Investing Activities

Investing activities are one of the primary uses of our liquidity. Development and acquisition activities typically generate additional rental revenues and provide cash flows for operational requirements. Highlights of significant cash uses are as follows:

·        Development costs increased to $84.5 million for the period March 31, 2006 from $29.5 million for the same period in 2005 as the result of an increase in development activity in 2006.
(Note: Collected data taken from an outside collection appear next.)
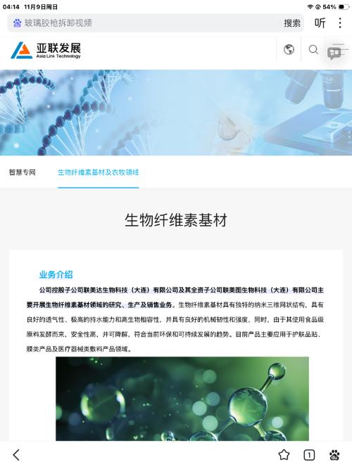 $亚联发展(SZ002316)$$星空华文(HK|06698)$$上海建工(SH600170)$ 业务介绍 公司控股子公司联美达生物科技(大连)有限公司及其全资子公司联美图生物科技(大连)有限公司主要开展生物纤维素基材领域的研究、生产及销售业务。生物纤维素基材具有独特的纳米三维网状结构,具有良好的透气性、极高的持水能力和高生物相容性,并具有良好的机械韧性和强度,同时,由于其使用食品级原料发酵而来,...
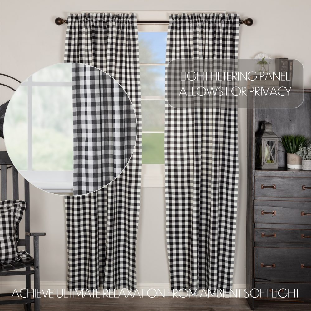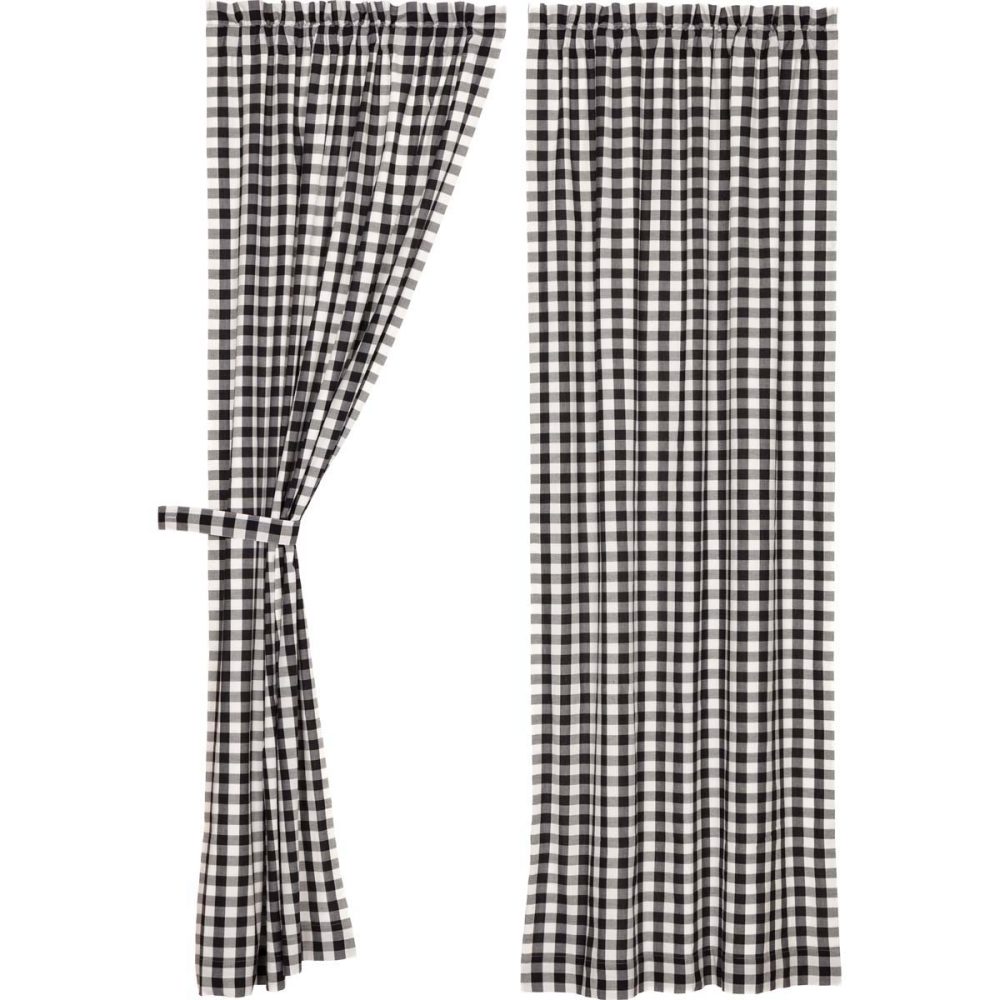 - BUFFALO CHECK CURTAIN: Includes two 84 by 40 inch 100% cotton window panels with a 2-inch header and a 3.25-inch rod pocket. Includes two matching tiebacks.
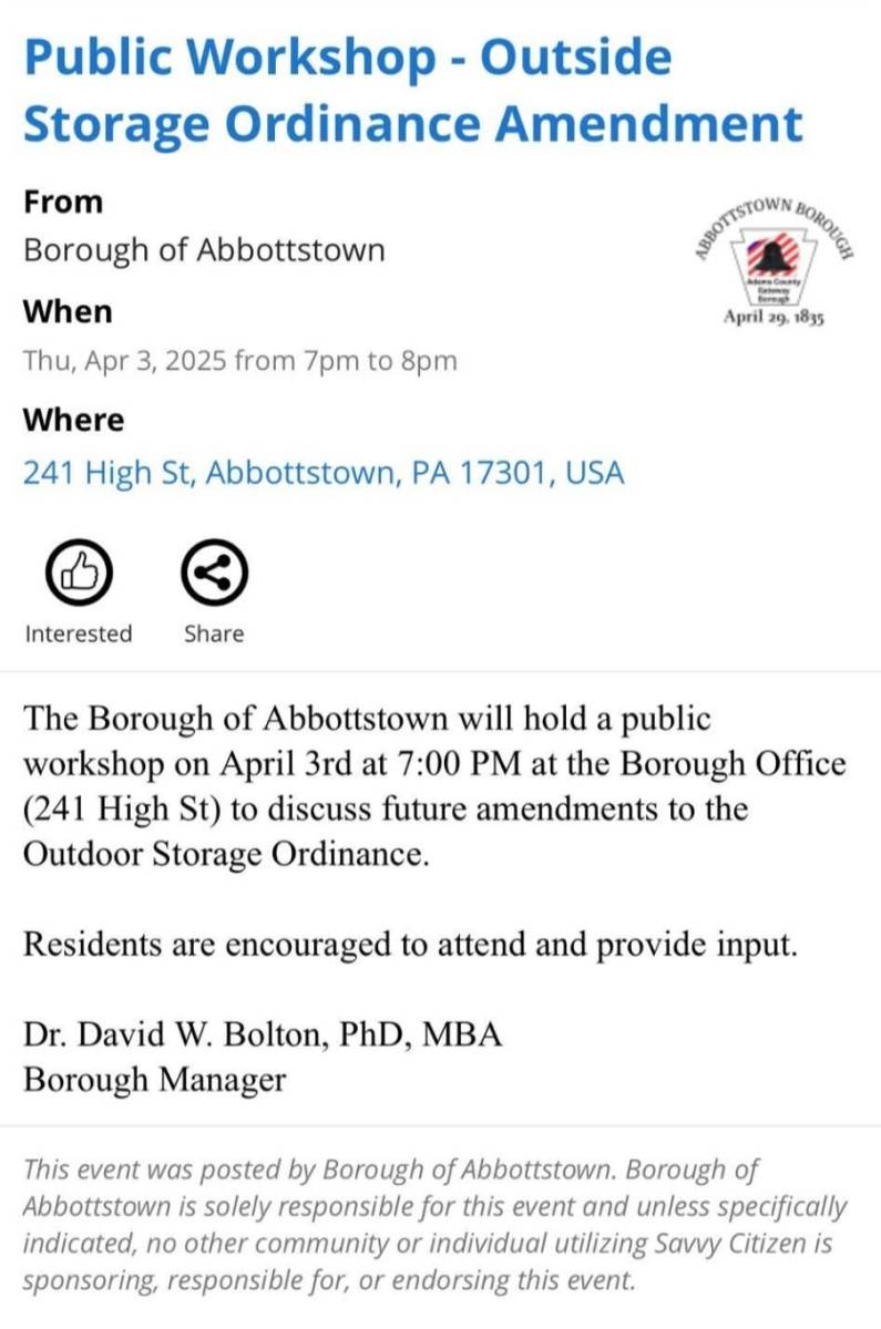 This event was posted by Borough of Abbottstown. Borough of Abbottstown is solely responsible for this event and unless specifically indicated, no other community or individual utilizing Savvy Citizen is sponsoring, responsible for, or endorsing this event.
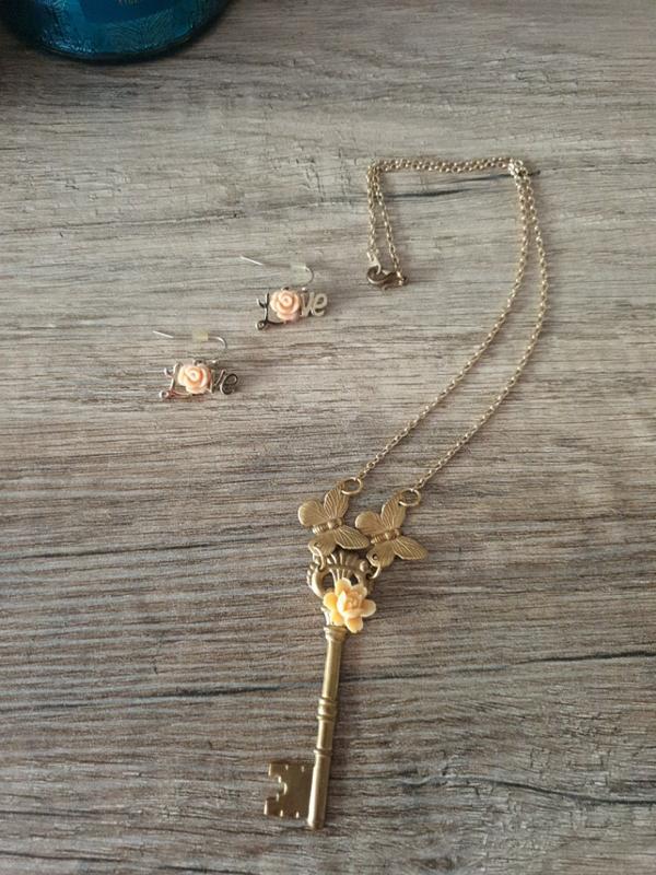 Витончені сережки Love з квіткою і кулон у вигляді ключа з метеликами. Довжина кулона 42 див. Продам комплектом. Товар 7
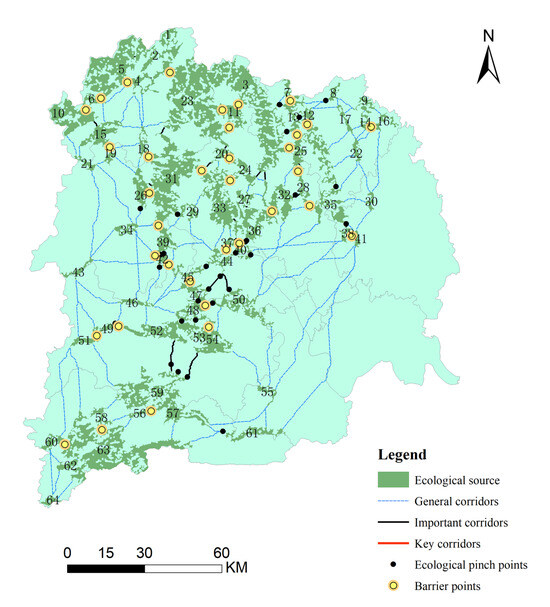 In circuit theory, ecological barrier points refer to areas with high “resistance” values in simulated biological flows, that is, areas that significantly hinder the flow of current on the migration path. In reality, they are areas in the landscape that significantly hinder species migration activities [33]. Identified ecological barrier points can be used to address bottlenecks on species migration paths and guide related ecological restoration and construction.
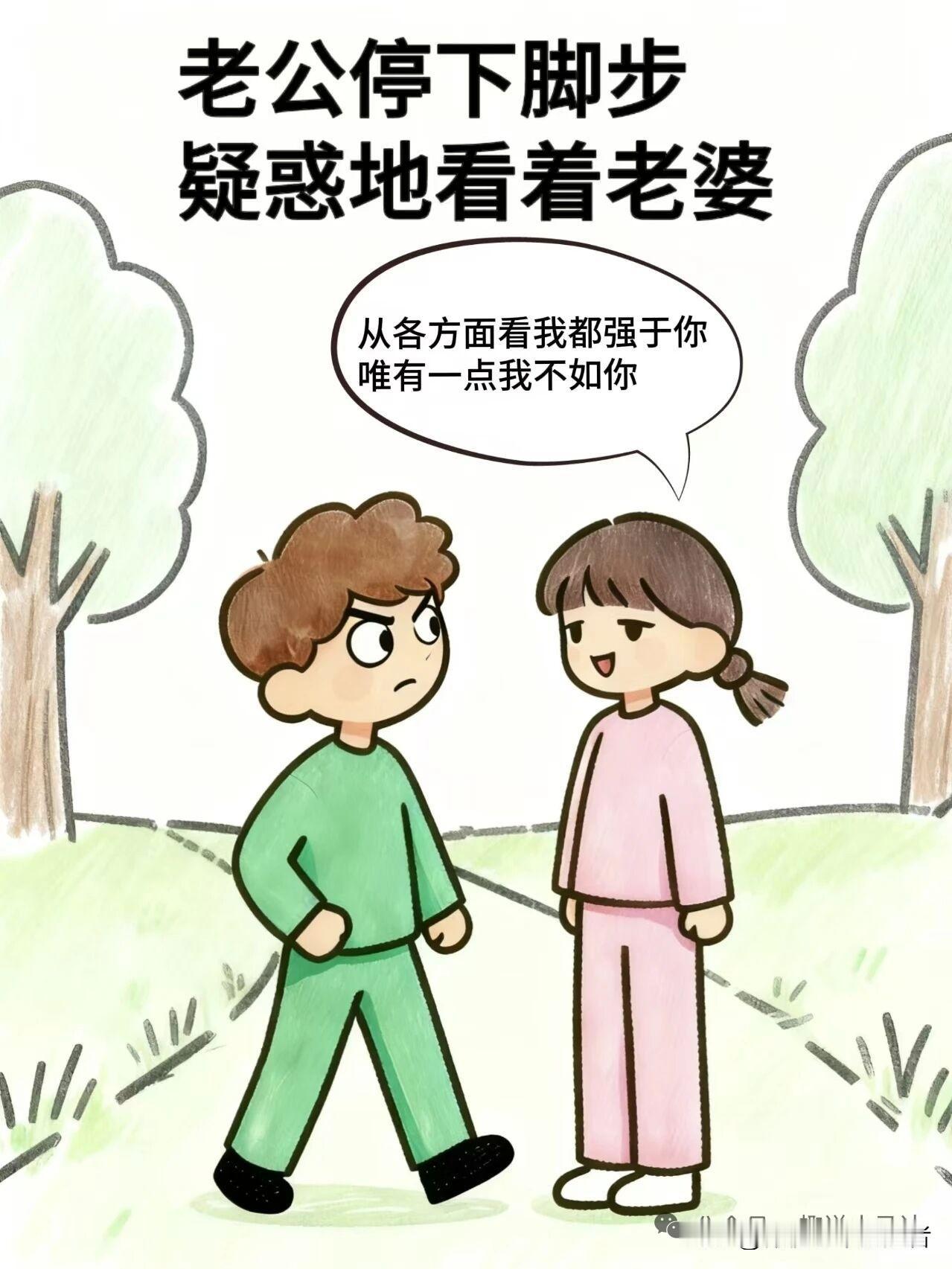 趣味漫画:老婆:从各方面看我都强于你,唯有一点我不如你,老公心中暗喜:哪一点不如
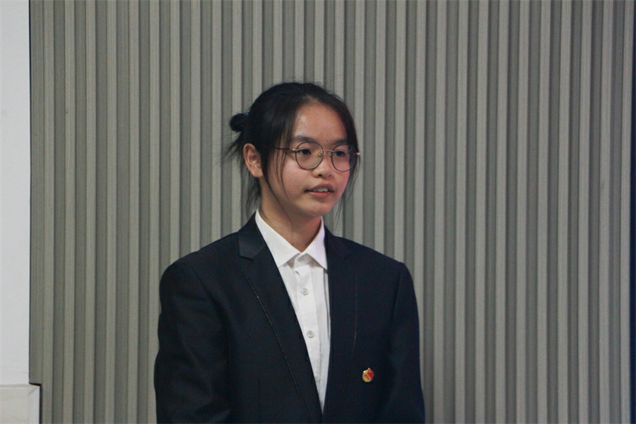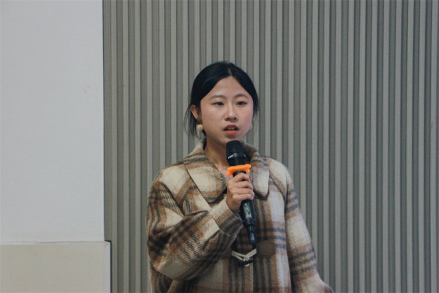 图为就业赛道23数应2班温雅晴做汇报讲话

·        During the first quarter of 2006, we paid cash of $631.1 million for real estate acquisitions and $203.2 million for undeveloped land acquisitions compared to no real estate acquisitions and $34.5 million in acquisitions of undeveloped land in the same period in 2005. The significant activity in the first quarter of 2006 consisted of the purchase of the majority of a portfolio of suburban office and light industrial properties and undeveloped land in the Washington, D.C. area for $709 million, the purchase of the majority of a portfolio of industrial properties in Savannah, Georgia for $178 million, the purchase of land held for industrial development in Baltimore, Maryland for $28.3 million, and the purchase of land suitable for retail development for $28.3 million.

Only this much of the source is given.